PROBLEM TO SOLVE:
Images don't belong in the copy. Output the rest of the data exactly.

DATASET CONTENT:
--*--

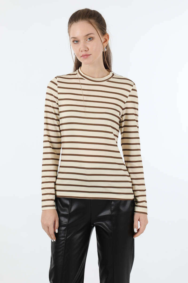 Çizgili Body Kahverengi. Bisiklet yakalıdır. Uzun kolludur. Yumuşak ve esnek kumaşlıdır. Günlük kullanım ve özel günlerinizde tercih edebilirsiniz.
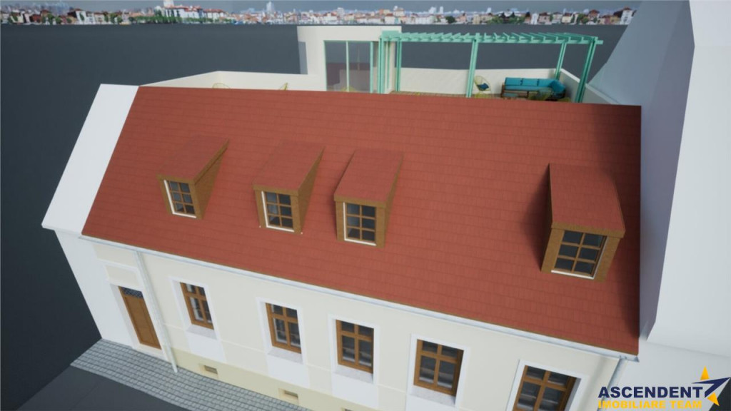 Completeaza oferta faptul ca cele sase studiouri cu baie proprie si spatiile adiacente dispun de o compartimentare avantajoasa, eficienta termica prin incalzire in pardoseala pe toata suprafata utila, cu pompa de caldura, instalatiile electrice si sanitare complet noi, totul fiind adus la cele mai inalte standarde de calitate.
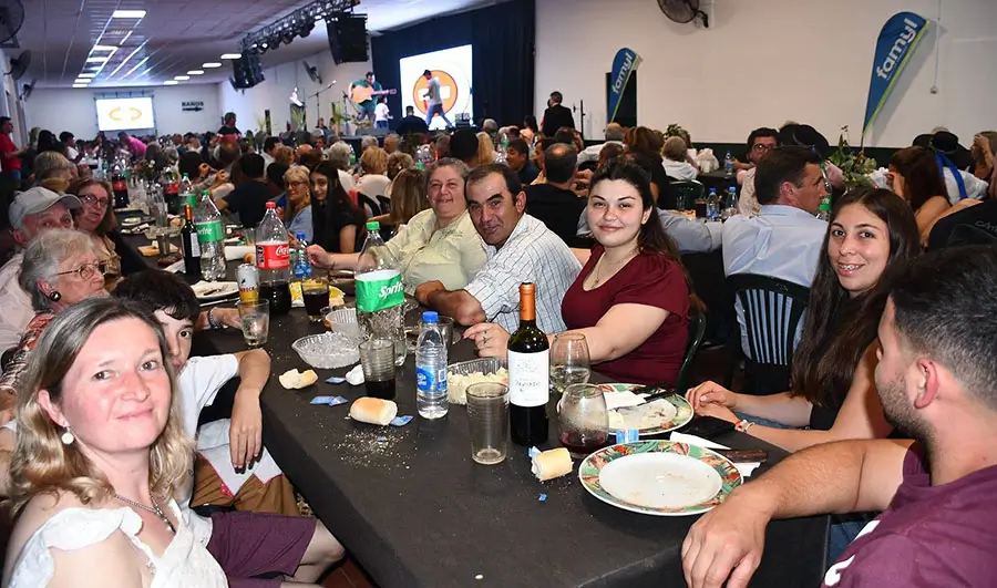 El público disfrutó de una exquisita entrada y luego del plato principal. Más tarde, se sirvió el postre y finalmente, a la hora del baile, bajo la ocurrente animación de Javier Bustamante, se llevó a cabo el brindis y el corte de la torta con la presencia de las autoridades.
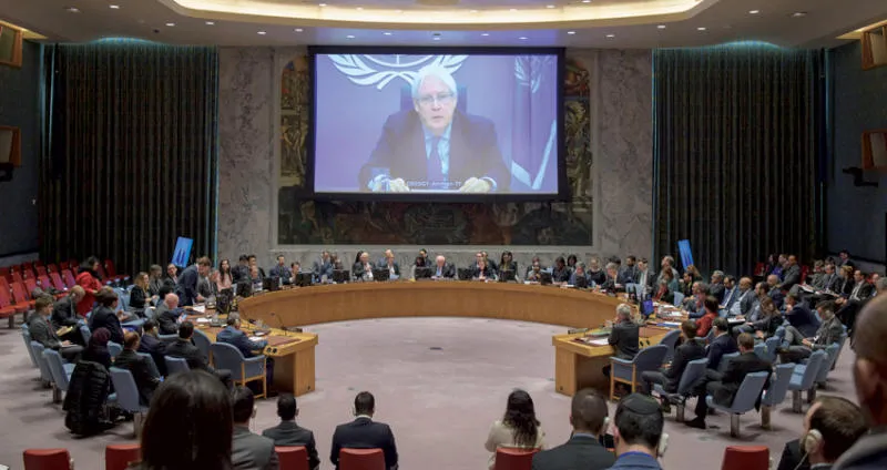 غريفيث مخاطباً مجلس الأمن أمس (الأمم المتحدة)

--*--

YOUR RESPONSE:
 Çizgili Body Kahverengi. Bisiklet yakalıdır. Uzun kolludur. Yumuşak ve esnek kumaşlıdır. Günlük kullanım ve özel günlerinizde tercih edebilirsiniz.
 Completeaza oferta faptul ca cele sase studiouri cu baie proprie si spatiile adiacente dispun de o compartimentare avantajoasa, eficienta termica prin incalzire in pardoseala pe toata suprafata utila, cu pompa de caldura, instalatiile electrice si sanitare complet noi, totul fiind adus la cele mai inalte standarde de calitate.
 El público disfrutó de una exquisita entrada y luego del plato principal. Más tarde, se sirvió el postre y finalmente, a la hora del baile, bajo la ocurrente animación de Javier Bustamante, se llevó a cabo el brindis y el corte de la torta con la presencia de las autoridades.
 غريفيث مخاطباً مجلس الأمن أمس (الأمم المتحدة)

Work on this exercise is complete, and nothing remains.